* **Input material**:
------------------------------------------------

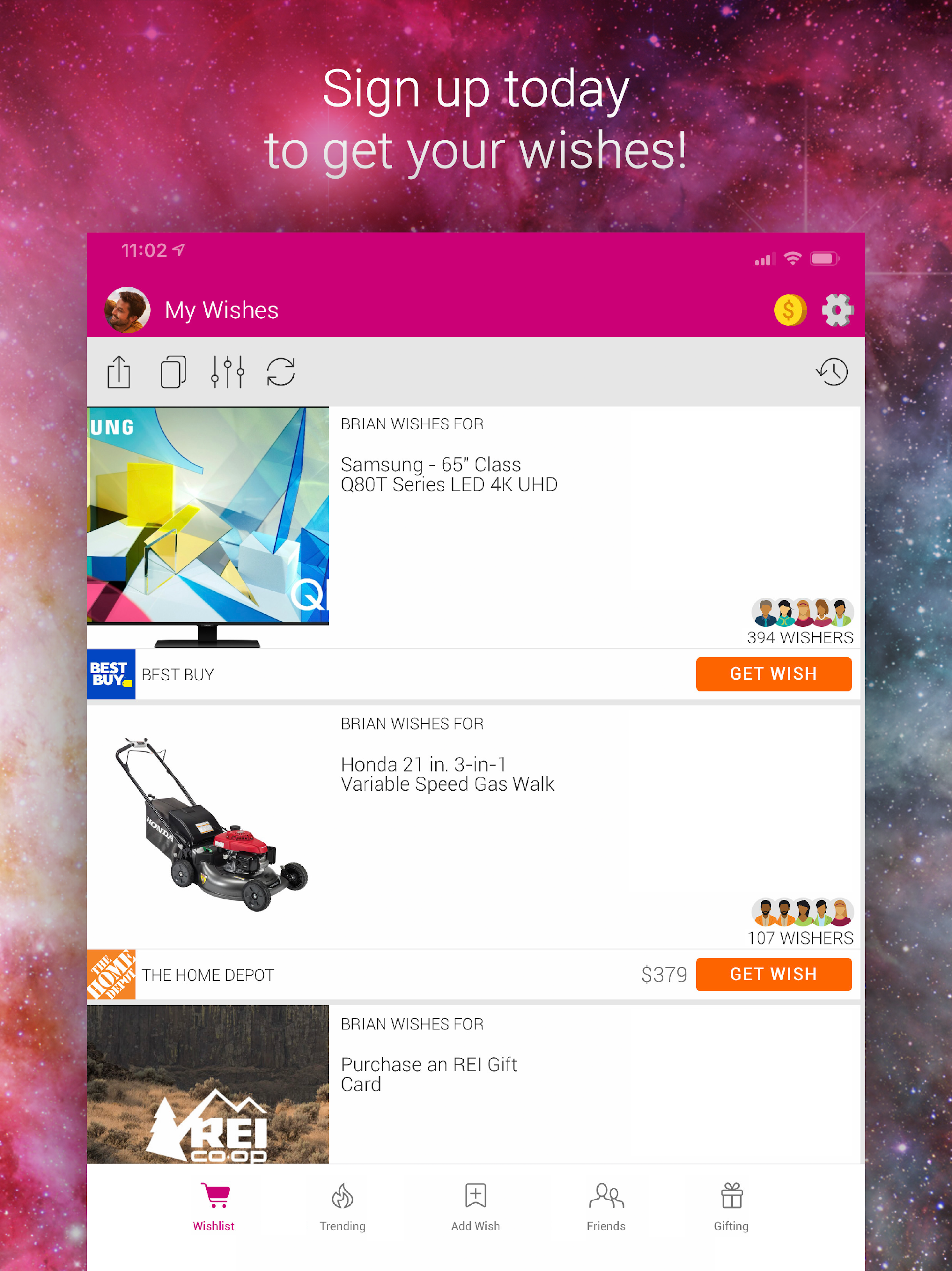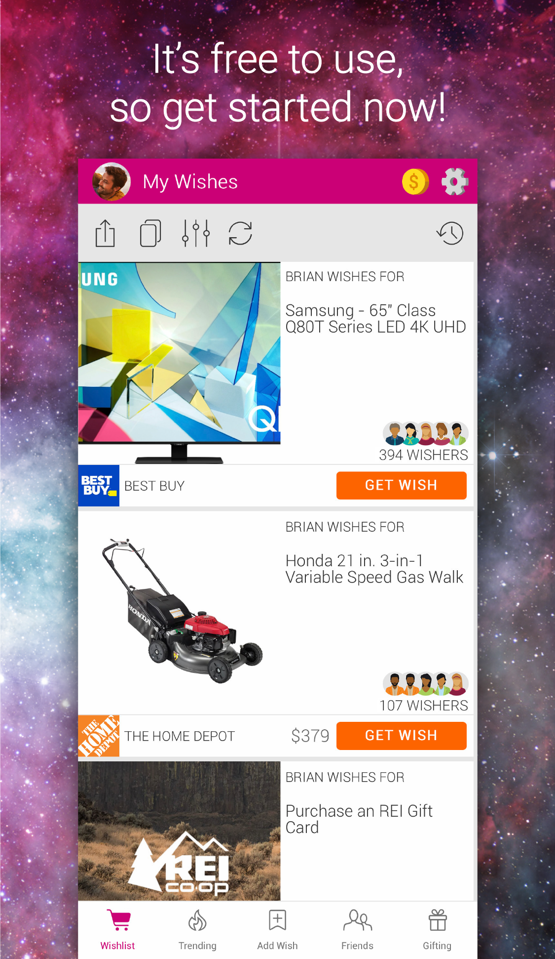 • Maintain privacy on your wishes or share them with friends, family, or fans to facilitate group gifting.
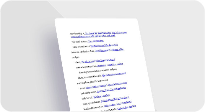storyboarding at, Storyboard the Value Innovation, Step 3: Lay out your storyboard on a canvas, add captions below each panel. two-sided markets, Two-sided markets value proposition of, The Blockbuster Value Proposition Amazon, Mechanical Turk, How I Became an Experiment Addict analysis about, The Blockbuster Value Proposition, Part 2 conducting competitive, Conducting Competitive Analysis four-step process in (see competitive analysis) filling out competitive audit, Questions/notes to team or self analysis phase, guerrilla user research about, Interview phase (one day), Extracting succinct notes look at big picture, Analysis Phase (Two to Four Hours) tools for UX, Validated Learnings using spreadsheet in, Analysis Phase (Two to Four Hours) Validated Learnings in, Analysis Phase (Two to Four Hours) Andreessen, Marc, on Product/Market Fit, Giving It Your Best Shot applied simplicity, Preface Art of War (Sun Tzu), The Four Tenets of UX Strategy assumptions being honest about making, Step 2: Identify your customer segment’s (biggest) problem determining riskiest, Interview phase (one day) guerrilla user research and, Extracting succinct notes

------------------------------------------------

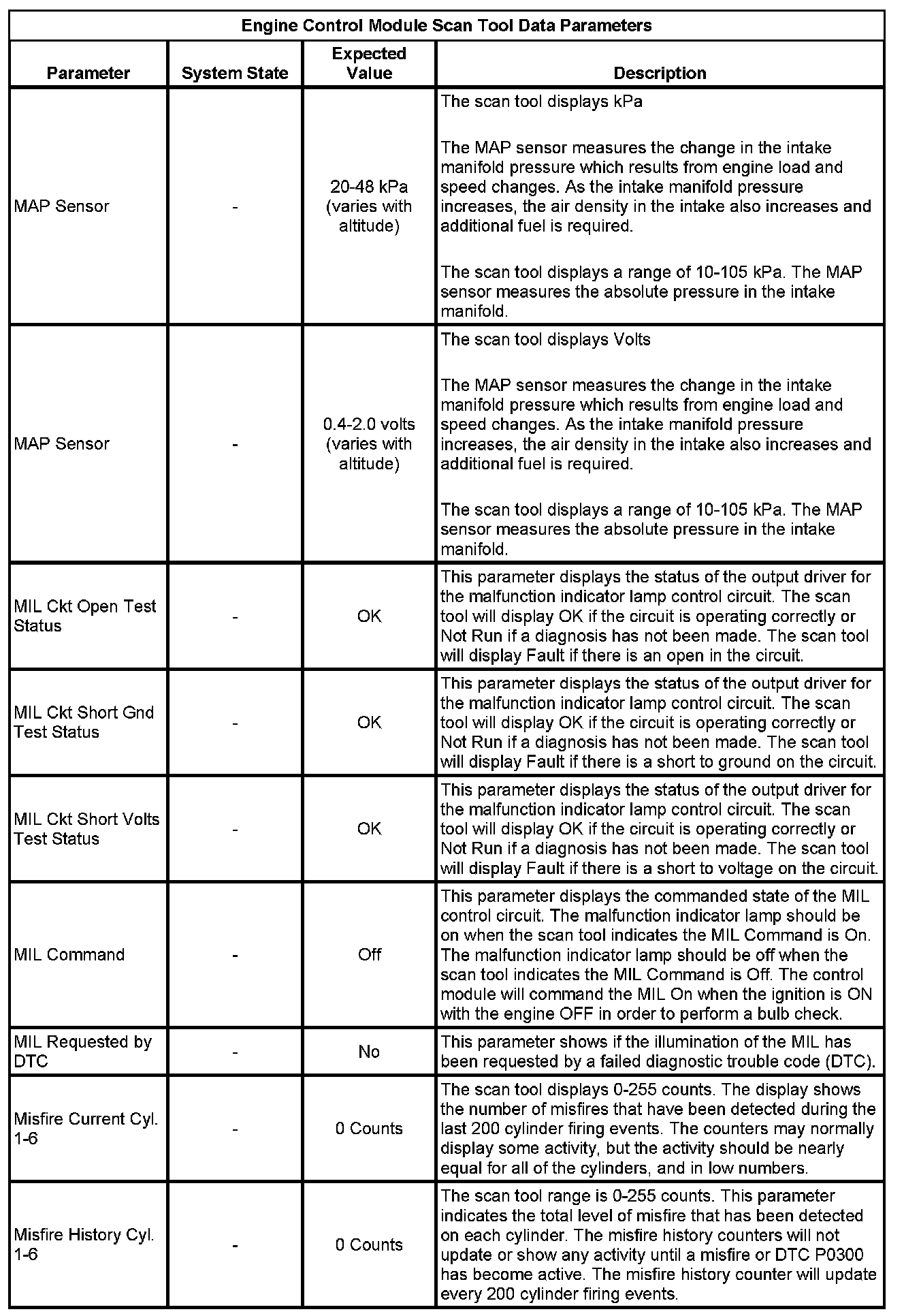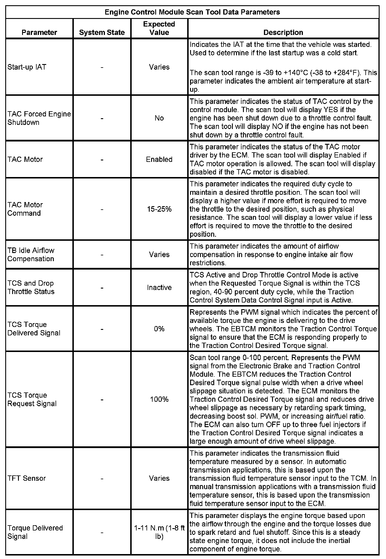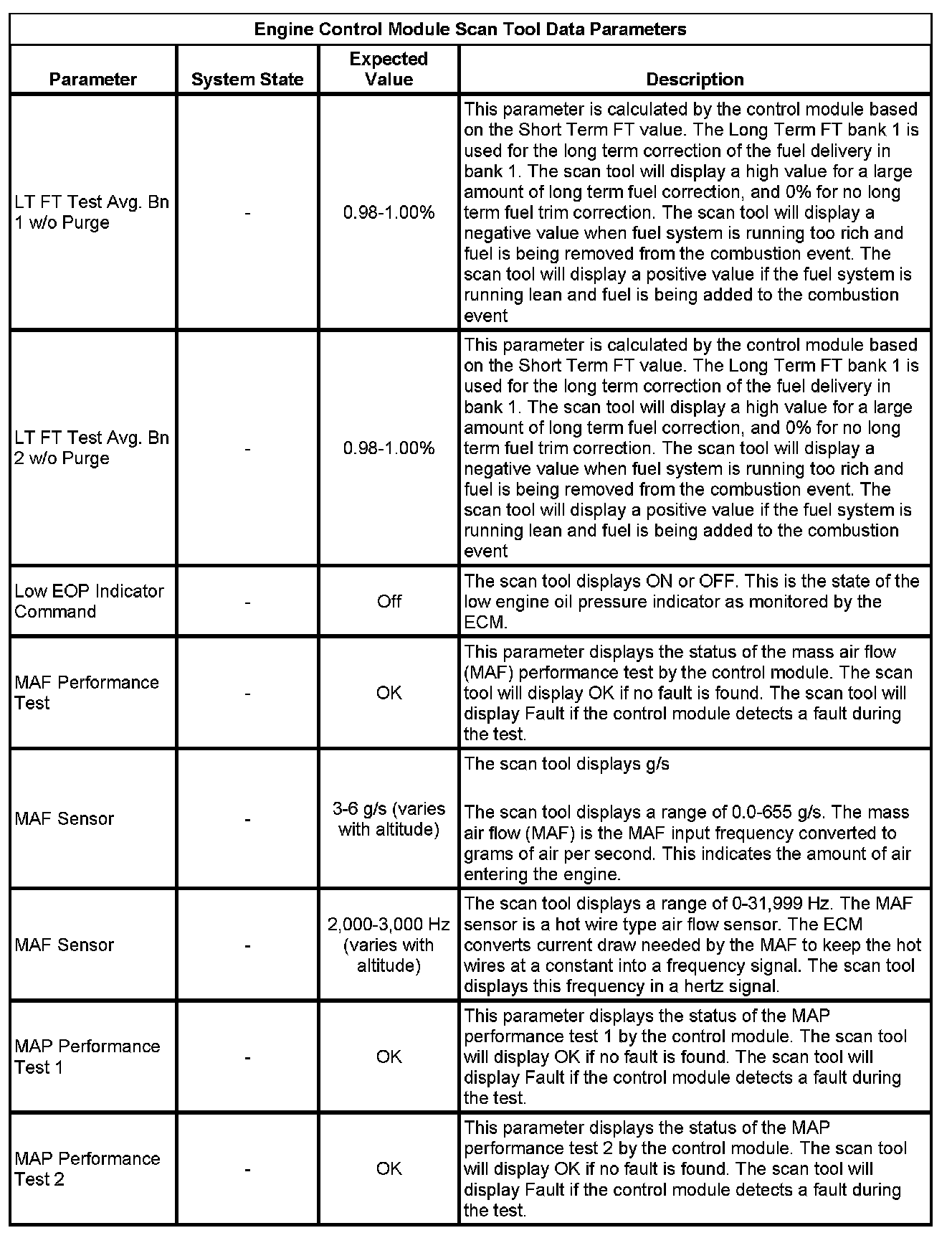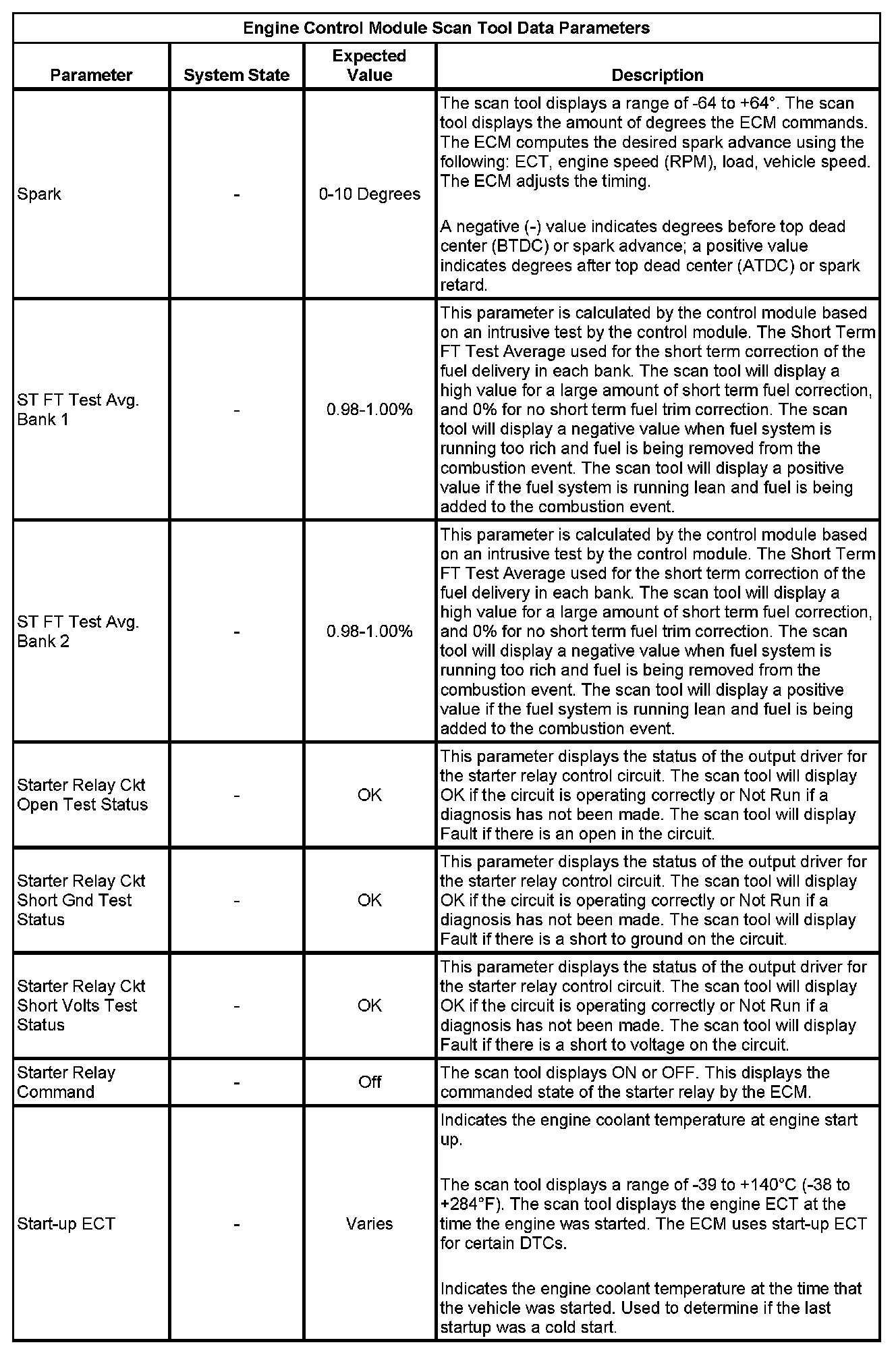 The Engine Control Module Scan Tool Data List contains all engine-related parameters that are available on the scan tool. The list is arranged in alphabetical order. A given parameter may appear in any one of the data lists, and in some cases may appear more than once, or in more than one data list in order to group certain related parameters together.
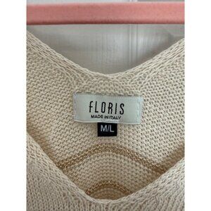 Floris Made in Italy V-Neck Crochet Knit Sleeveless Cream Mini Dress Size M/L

------------------------------------------------

* **Problem statement**: Return exactly the lines of the material above, starting at the line containing "The Engine Control" and finishing at the line containing "Floris Made in", without any pictures.

* **Problem solution**:
 The Engine Control Module Scan Tool Data List contains all engine-related parameters that are available on the scan tool. The list is arranged in alphabetical order. A given parameter may appear in any one of the data lists, and in some cases may appear more than once, or in more than one data list in order to group certain related parameters together.
 Floris Made in Italy V-Neck Crochet Knit Sleeveless Cream Mini Dress Size M/L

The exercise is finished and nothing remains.